*** Opening SUPPLIED ENTRIES ***
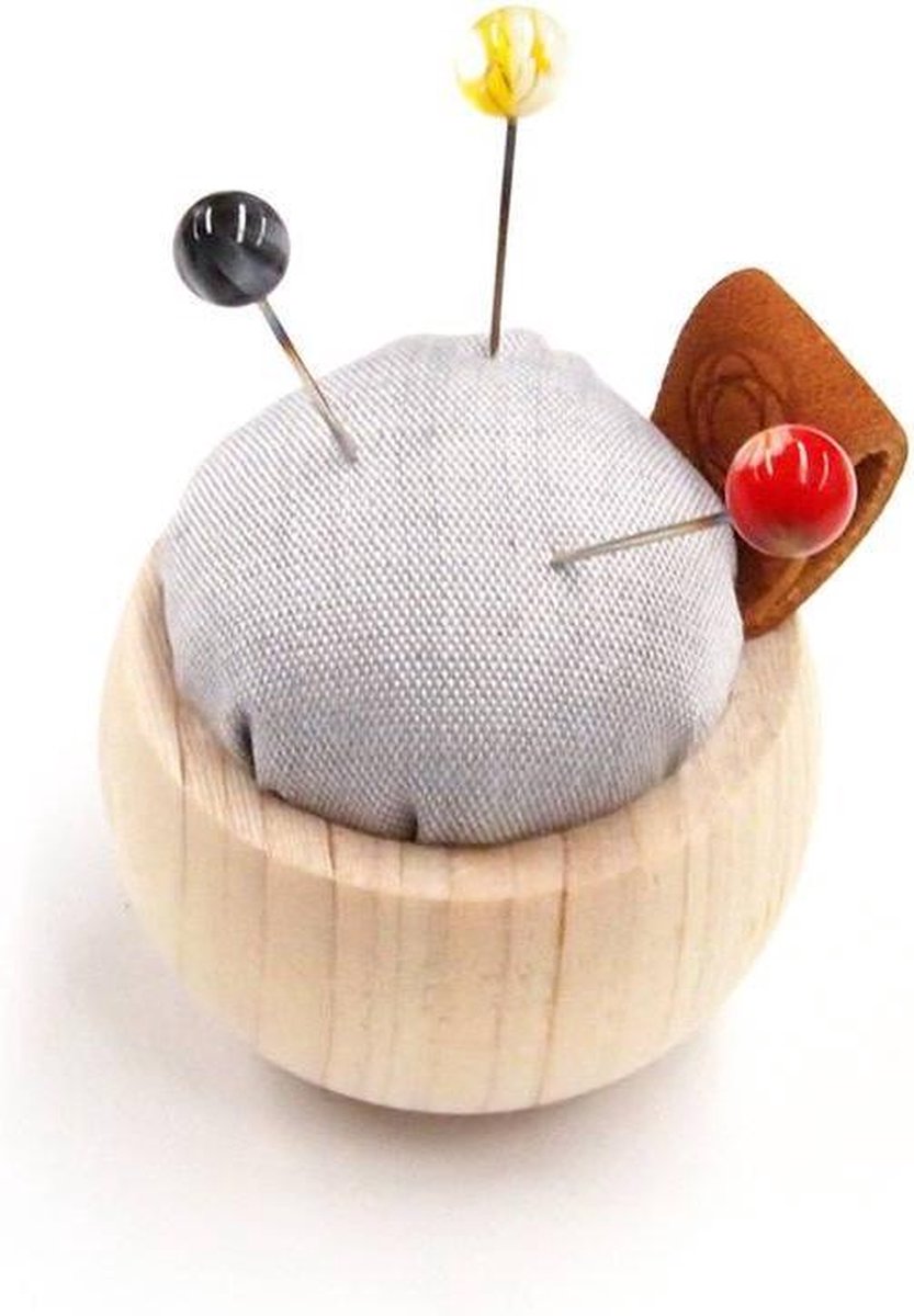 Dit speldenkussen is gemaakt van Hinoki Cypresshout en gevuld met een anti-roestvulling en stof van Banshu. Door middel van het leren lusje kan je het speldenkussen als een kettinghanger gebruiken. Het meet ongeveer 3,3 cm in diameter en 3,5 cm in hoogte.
*** Closing SUPPLIED ENTRIES ***
*** Opening SUPPLIED ENTRIES ***
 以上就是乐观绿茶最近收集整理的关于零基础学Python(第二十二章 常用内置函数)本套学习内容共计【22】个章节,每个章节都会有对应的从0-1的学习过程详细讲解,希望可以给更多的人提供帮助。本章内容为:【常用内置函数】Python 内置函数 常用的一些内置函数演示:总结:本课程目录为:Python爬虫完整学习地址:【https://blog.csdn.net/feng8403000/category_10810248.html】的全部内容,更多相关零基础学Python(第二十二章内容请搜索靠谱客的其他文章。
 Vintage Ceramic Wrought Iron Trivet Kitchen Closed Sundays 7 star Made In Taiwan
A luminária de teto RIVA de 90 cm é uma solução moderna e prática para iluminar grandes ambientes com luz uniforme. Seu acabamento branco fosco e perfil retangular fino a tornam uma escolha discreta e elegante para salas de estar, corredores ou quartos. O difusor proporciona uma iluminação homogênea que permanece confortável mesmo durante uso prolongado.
*** Closing SUPPLIED ENTRIES ***
*** Opening SUPPLIED ENTRIES ***
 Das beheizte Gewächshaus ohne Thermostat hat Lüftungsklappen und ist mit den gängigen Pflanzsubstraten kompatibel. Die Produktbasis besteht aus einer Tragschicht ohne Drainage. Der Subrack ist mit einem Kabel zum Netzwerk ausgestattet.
*** Closing SUPPLIED ENTRIES ***
YOUR ASSIGNMENT
Retype exactly the lines above, from the one with "Vintage Ceramic Wrought" through the one with "A luminária de", inclusive.

SOLUTION
 Vintage Ceramic Wrought Iron Trivet Kitchen Closed Sundays 7 star Made In Taiwan
A luminária de teto RIVA de 90 cm é uma solução moderna e prática para iluminar grandes ambientes com luz uniforme. Seu acabamento branco fosco e perfil retangular fino a tornam uma escolha discreta e elegante para salas de estar, corredores ou quartos. O difusor proporciona uma iluminação homogênea que permanece confortável mesmo durante uso prolongado.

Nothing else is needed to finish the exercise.